Ambre soupira, soulagée par ces révélations. Elle émit un petit bruit qui n’échappa pas à leur ennemi. Celui-ci scruta la noréenne, un rictus affiché sur son visage.
— Vous nous direz, je l’espère, ce que vous comptez faire en dehors de la ville avec cette vermine-là ? Vous n’allez pas me dire que vous alliez sciemment protéger la chienne du maire afin de l’escorter en lieu sûr ?
— C’est partiellement exact, je l’avoue ! Mais peut-être si monsieur le noble Alastair se montre clément alors je me soumettrai à sa volonté et vous dévoilerai l’intégralité de mes projets ? Je serai enclin à vous dévoiler tout ce que je sais y compris le lieu éventuel où se trouve notre bien aimé maire et pourquoi j’escorte la vermine comme vous la qualifiez si bien. Je n’exige qu’une seule chose de votre part et je me rendrai sans le moindre accrochage.
— Que voulez-vous ? s’enquit le marquis, sceptique.
Armand lâcha les rênes et plaqua ses mains sur les épaules de sa protégée.
— Promettez-moi de ne pas toucher à cette noréenne et ce quoi qu’elle vous fasse ! Peu importe le manque de respect et l’arrogance dont elle fera preuve à votre égard. Enfermez-la si vous le désirez mais veuillez ne pas lui faire le moindre mal. Il en va de la survie de nos peuples.
Ambre écarquilla les yeux, avait-elle bien entendu et compris ce qu’il venait de dire ou sa faible conscience la faisait-elle halluciner ? Alastair, tout aussi interloqué, n’objecta pas. Après tout, la noréenne se révélerait fort utile pour appâter le maire. Il ne serait pas si compliqué de soudoyer le Baron de porter secours à son acolyte dont tout le monde à présent avait connaissance de leur relation.

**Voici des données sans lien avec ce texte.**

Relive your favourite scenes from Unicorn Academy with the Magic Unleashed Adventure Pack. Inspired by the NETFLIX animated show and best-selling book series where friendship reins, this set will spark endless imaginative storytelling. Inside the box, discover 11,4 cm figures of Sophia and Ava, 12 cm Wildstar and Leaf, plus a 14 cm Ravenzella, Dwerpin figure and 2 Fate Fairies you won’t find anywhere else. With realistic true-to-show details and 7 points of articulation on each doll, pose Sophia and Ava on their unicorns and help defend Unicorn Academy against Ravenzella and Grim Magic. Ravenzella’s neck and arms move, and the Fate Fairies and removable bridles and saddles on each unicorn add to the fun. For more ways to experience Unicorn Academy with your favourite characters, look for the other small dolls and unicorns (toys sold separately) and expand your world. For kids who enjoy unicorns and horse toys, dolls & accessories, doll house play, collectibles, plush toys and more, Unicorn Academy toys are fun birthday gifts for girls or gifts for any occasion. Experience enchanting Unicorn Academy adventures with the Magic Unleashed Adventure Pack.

— Soit ! Si ce ne sont là toutes vos revendications alors il ne sera pas mal aisé de vous les accorder.
Il la scruta avec un profond mépris, la pointant d’un doigt accusateur. En guise de défiance muette, la jeune femme soutint son regard assassin.
— Sauf si cette raclure de noréenne se montre tant revêche auquel cas je ne répondrai de rien.

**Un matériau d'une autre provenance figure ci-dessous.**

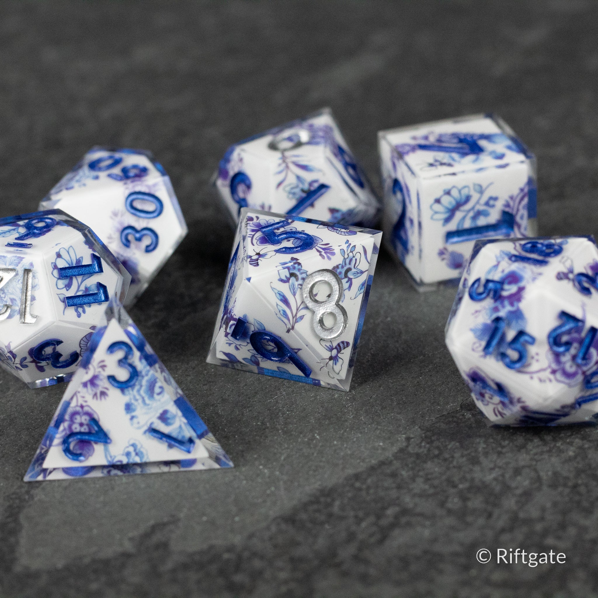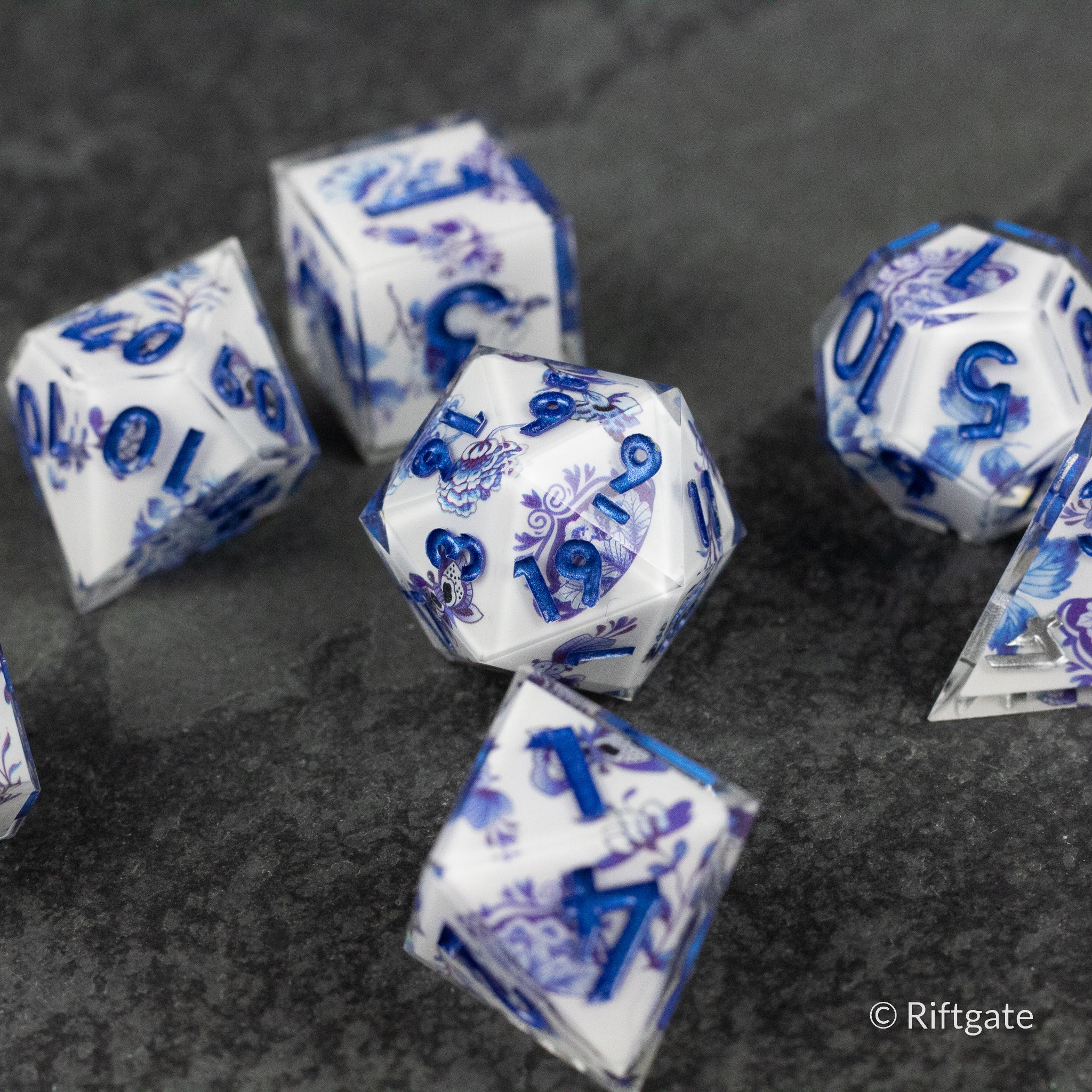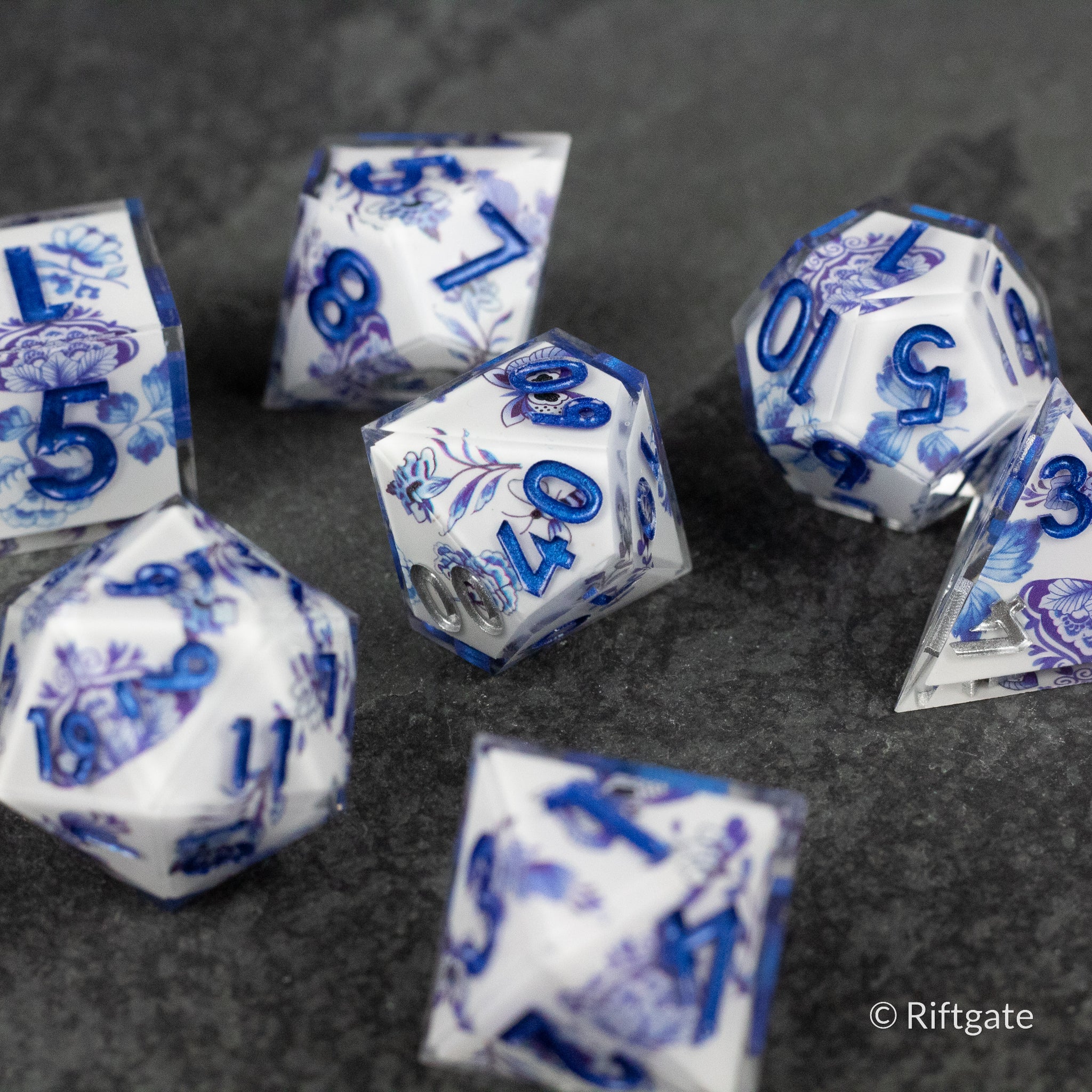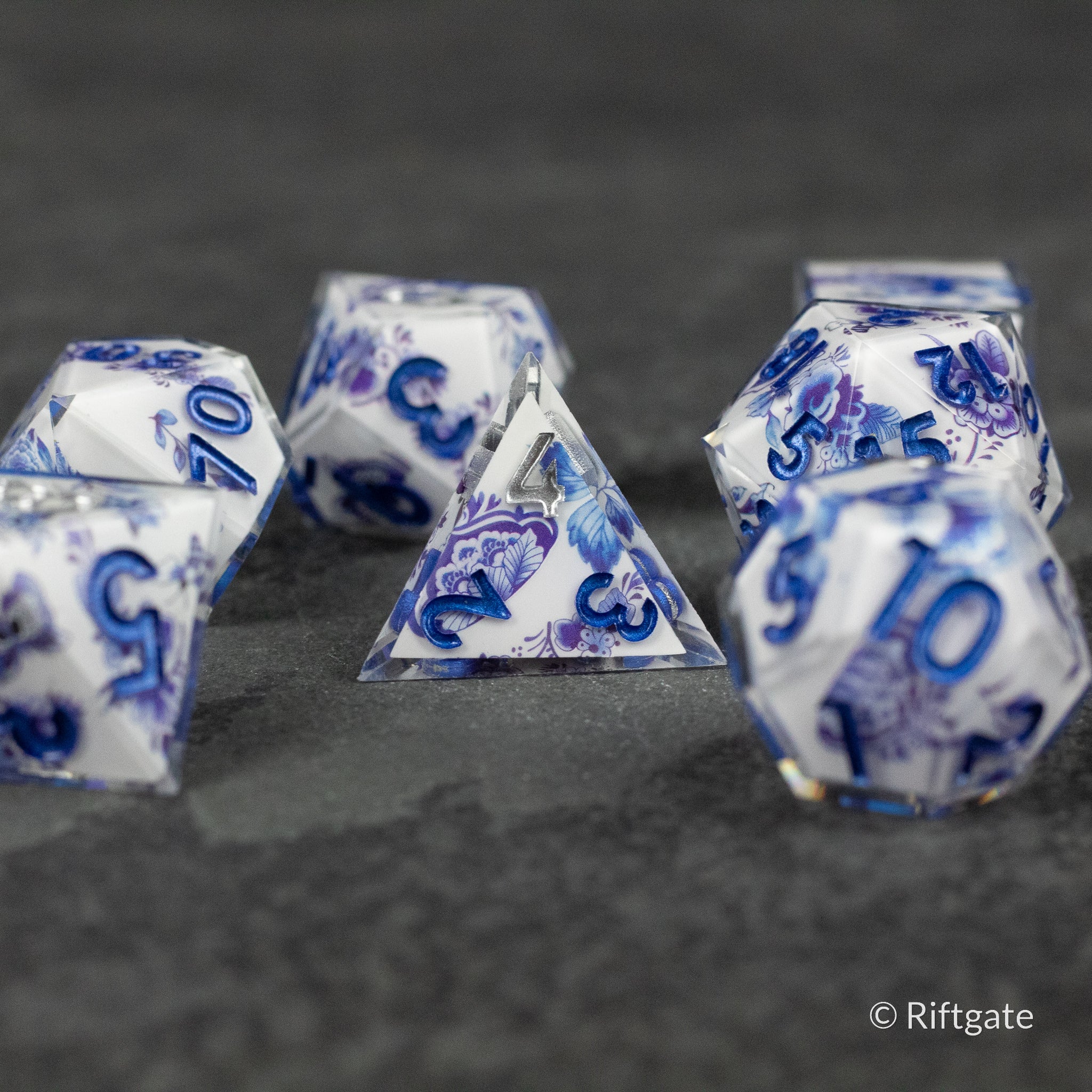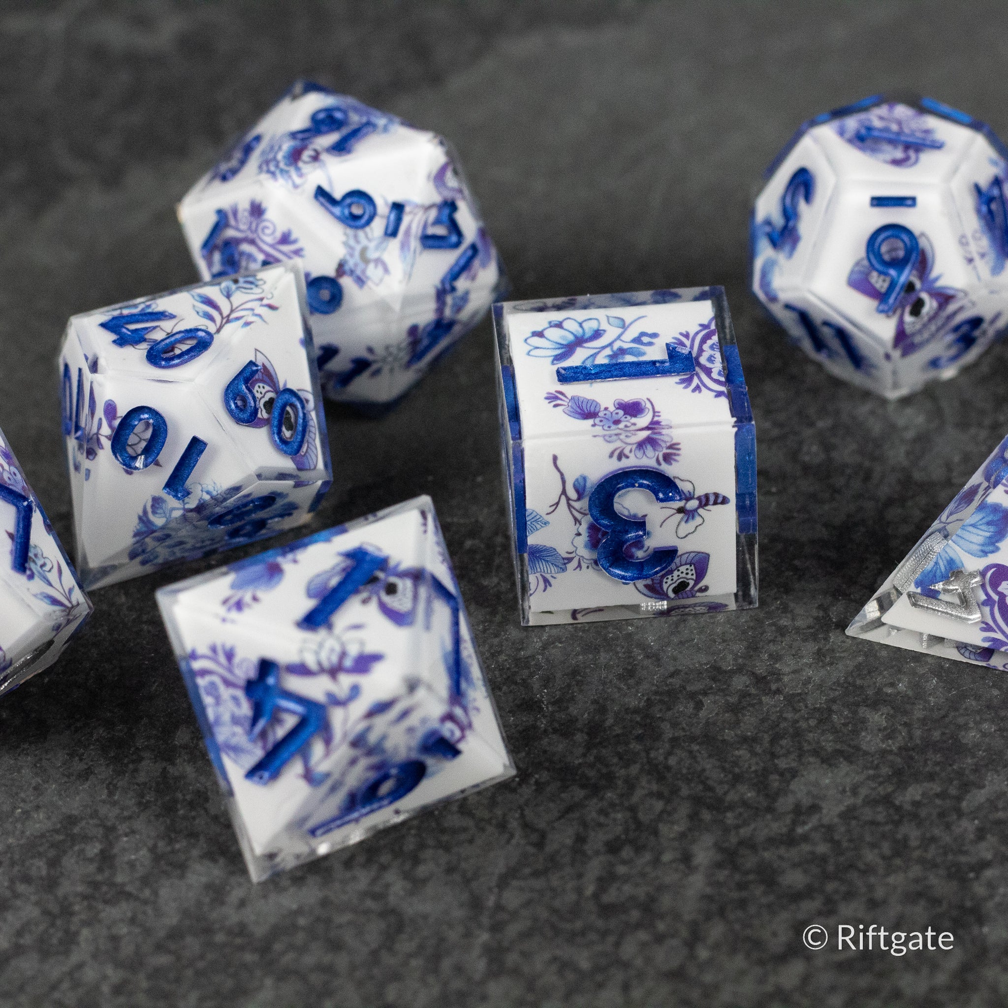 - Sharp edged RPG dice with white backdrop and blue flowers, bees, and butterflies

— Je présume qu’il est inutile que je parlemente avec vous ? Sommes-nous d’accord ?
Pour toute réponse, Alastair acquiesça d’un bref signe de la tête puis indiqua les directives à ses hommes qui flanquèrent de part et d’autre leurs prisonniers. Le groupe rejoignit le centre d’Iriden. Alors qu’ils progressaient en sens inverse, le vacarme s’intensifiait. Un fin effluve attira l’attention de la captive. Intriguée par cette senteur qu’elle reconnaissait, Ambre tourna légèrement la tête et aperçut une silhouette familière, celle du Shaman Faùn tenant entre ses bras Mesali endormie. L’homme se cachait derrière un muret et soutenait son regard. Du coin de l’œil, elle le vit hocher la tête et s’éloigner discrètement.
L’édifice de l’hôtel de ville se dressait devant eux. Sa façade écrue encore intacte dominait l’espace. Alastair stoppa sa monture devant les portes et mit pied à terre, imité par ses hommes. Maintenu en joue par les soldats, Armand fit de même et prit Ambre à la taille afin de la descendre de selle. À peine eut-elle posé son pied au sol que ses jambes se dérobèrent sous son poids. Le capitaine la rattrapa et la soutint, sous l’air interrogateur du marquis.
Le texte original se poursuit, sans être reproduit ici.